La Proclamación de la Reina y la de la Constitución

A los pocos días de l llegada del general Sarsfield, el día 3 de diciembre, el Ayuntamiento convocó a todos los vecinos y autoridades a la Solemne Proclamación de la Reina Isabel II para el día 14, pero llegada esa fecha se informa de que "aunque deseaban que quedasen patentes los nobles y leales sentimientos que animan a este vecindario, no se celebraba la proclamación "por lo lluvioso del dia". Excelente justificación oficial que hay que suponer que ocultaba razones de temor a inasistencia colectiva por la impopularidad del acto, o tal vez por miedo a acciones simultáneas de las fuerzas carlistas y sobre todo porque los bilbainos tanto los de un bando como los del otro tenían respeto por las leyes vascas y siempre ofrecían alguna resistencia a vulnerarlas. En esta ocasión alegaban que la orden de celebrar la proclamación no había llegado por "el conducto reglamentario": la Diputación foral. El caso es que no parece que haya constancia escrita de que la proclamación de Isabel II llegara a realizarse en una ciudad en la que se obligaba a los vecinos a dormir en el duro suelo para ceder su lechoa "a los valientes soldados de Isabel II".

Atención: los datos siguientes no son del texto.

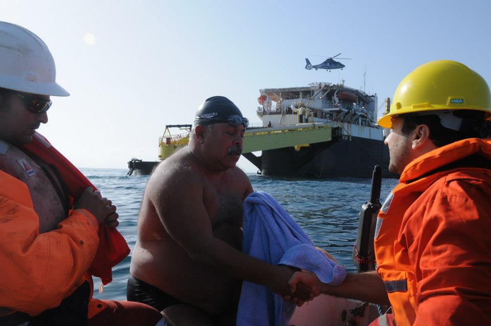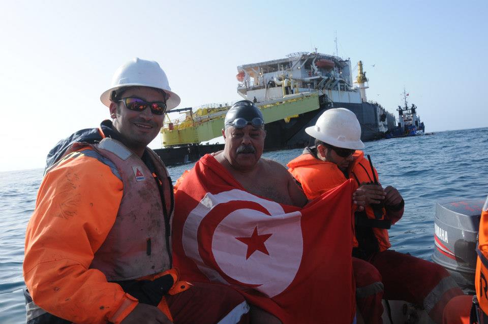 “I was happy to share this experience – the end of the 1400K Swim Across Tunisia – with the employees out on the platforms. We have a mutual respect for each other. They are proud of my swim to them as they work on the seas for Tunisia and our national economy. They are an example to hard-working people who come from all over Tunisia, a miniature representation of our country and its hope for a peaceful future.”
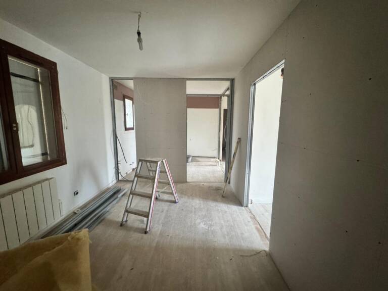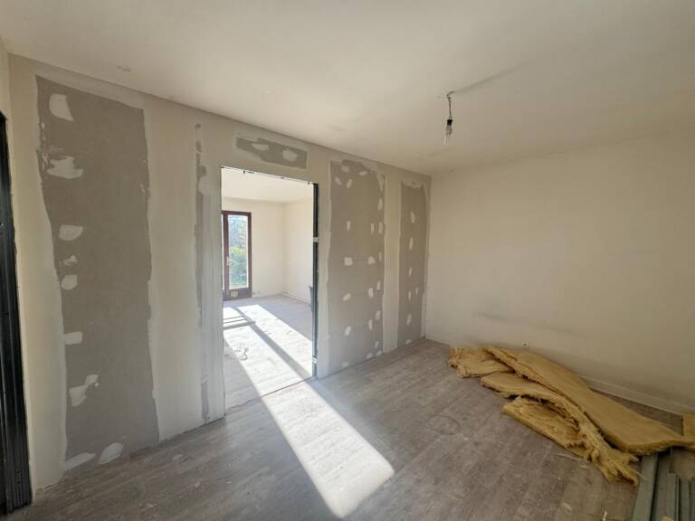 Les premières étapes ont consisté à intervenir sur les espaces intérieurs et les équipements existants afin d’améliorer le confort du logement. Les sols des chambres ont été repris pour accueillir de nouveaux revêtements, offrant une base saine et homogène.
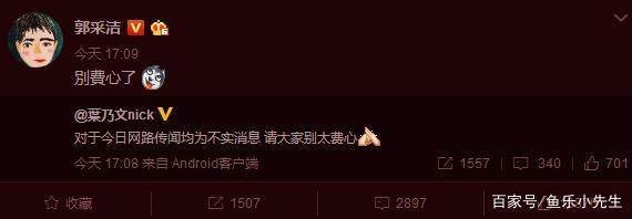 两人当然是没有恋爱的,在这个消息成为关注点不久,郭采洁的经纪人就发文辟谣,“对于今日网路传闻均为不实消息,请大家别太费心”而郭采洁也在第一时间转发,可见与古天乐的恋情绝对是假的,不过,不少的网友也坦言两人并不是很合适。
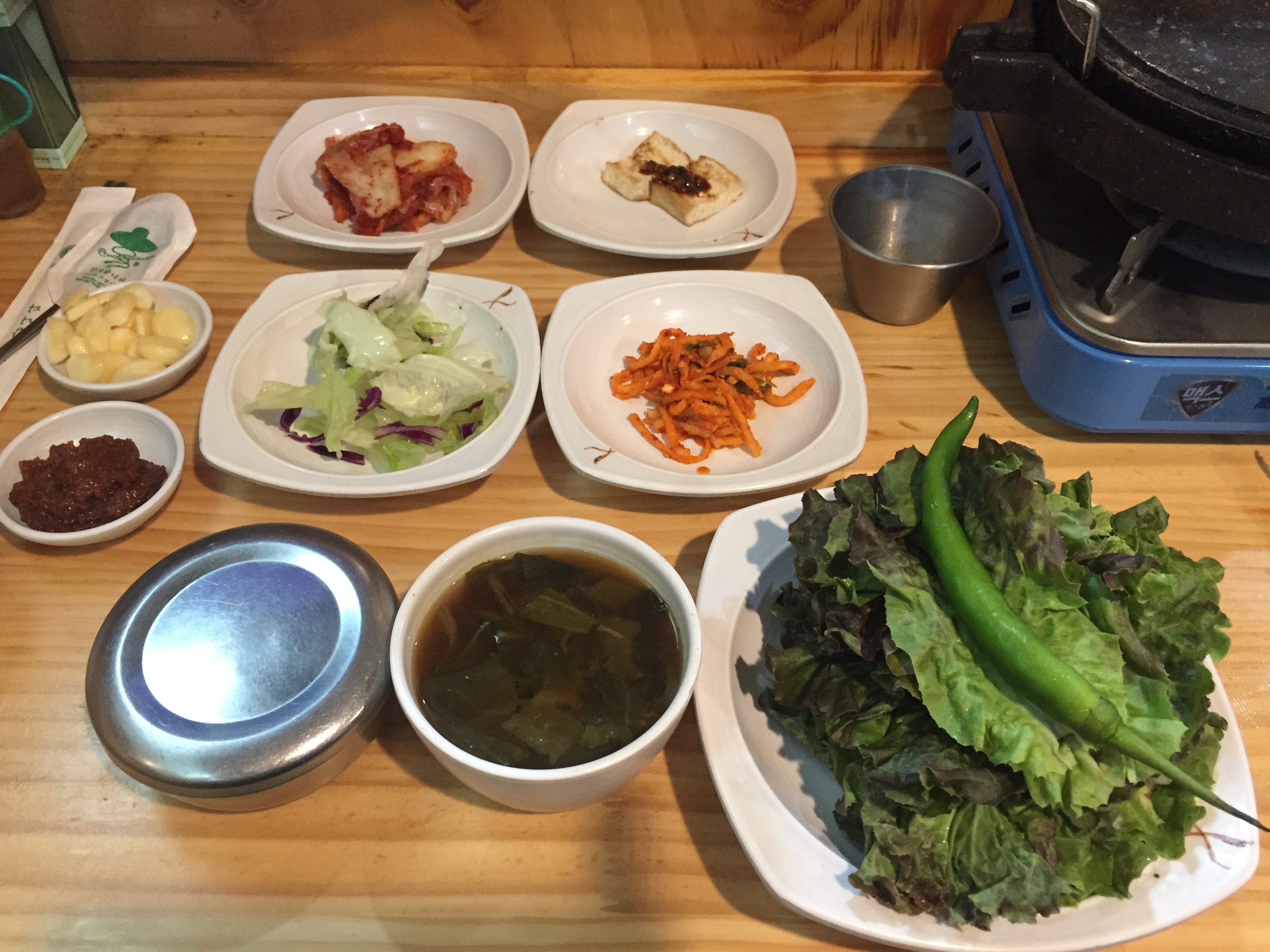 상추를 비롯해서 각종 밑반찬을 준비하고

Meses después, el 7 de junio, volvió a suspenderse otra proclamación oficial, esta vez también "por la lluvia" como si no se supiese que en Bilbao llueve con frecuencia, pero el evento no era de menor importancia política, era nada menos que la proclamación del llamado Estatuto Real o Constitución española de 1834, que como la de la lluvia acabó repitiendo otra costumbre habitual en este país con las constituciones españolas, la de no aceptarlas. Incluso la misma Diputación de Vizcaya había afirmado, según acta de la víspera de la proclamación que "no asiste porque el Estatuto Real no ha cumplido las normas que tenía que cumplir para su llegada a este país". Pero el dia 30 de ese mes, la lectura del Estatuto Real en el consistorio, digamos que por lo menos pelotillero, se provocaron algunas escenas de sainete cómico, que el acta municipal relata así: "los regidores perdieron espontáneamente sus asientos y corriendo enajenados por el Salón de Sesiones no aciertan a corresponder a su gozo sino con vivas a la Reina Regente y a su hija Isabel II".

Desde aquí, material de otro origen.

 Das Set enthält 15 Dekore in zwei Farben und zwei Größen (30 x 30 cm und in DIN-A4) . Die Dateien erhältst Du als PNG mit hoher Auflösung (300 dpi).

Por su parte, la madre, Su Majestad la Reina Gobernadora, ya había empezado a dar pruebas del cariño tan grande que sentía y que iba a demostrar por los escasos pero adinerados colaboracionistas de la villa bilbaina y empezó a manifestarlo comprometiéndose con el gesto simbólico de bordar "con sus propias manos" una bandera para la Milicia Urbana de la villa, según le informó al regidor Francisco de Gaminde, enviado del Ayuntamiento a la Corte, nada menos que el famoso Duque de Ahumada, quién todavía no había inventado la Guardia Civil, pero que ya trabajaba en ello y en pro de la "unidad constitucional". A las Milicias Urbanas les cambiaron primero el nombre por el de Milicia Nacional, después Guardia Nacional y finalmente la llamaron Civil, Guardia Civil, razonando la denominación en base a que dependía de un ministerio civil, el ministerio de Gobernación y no el del Ejército.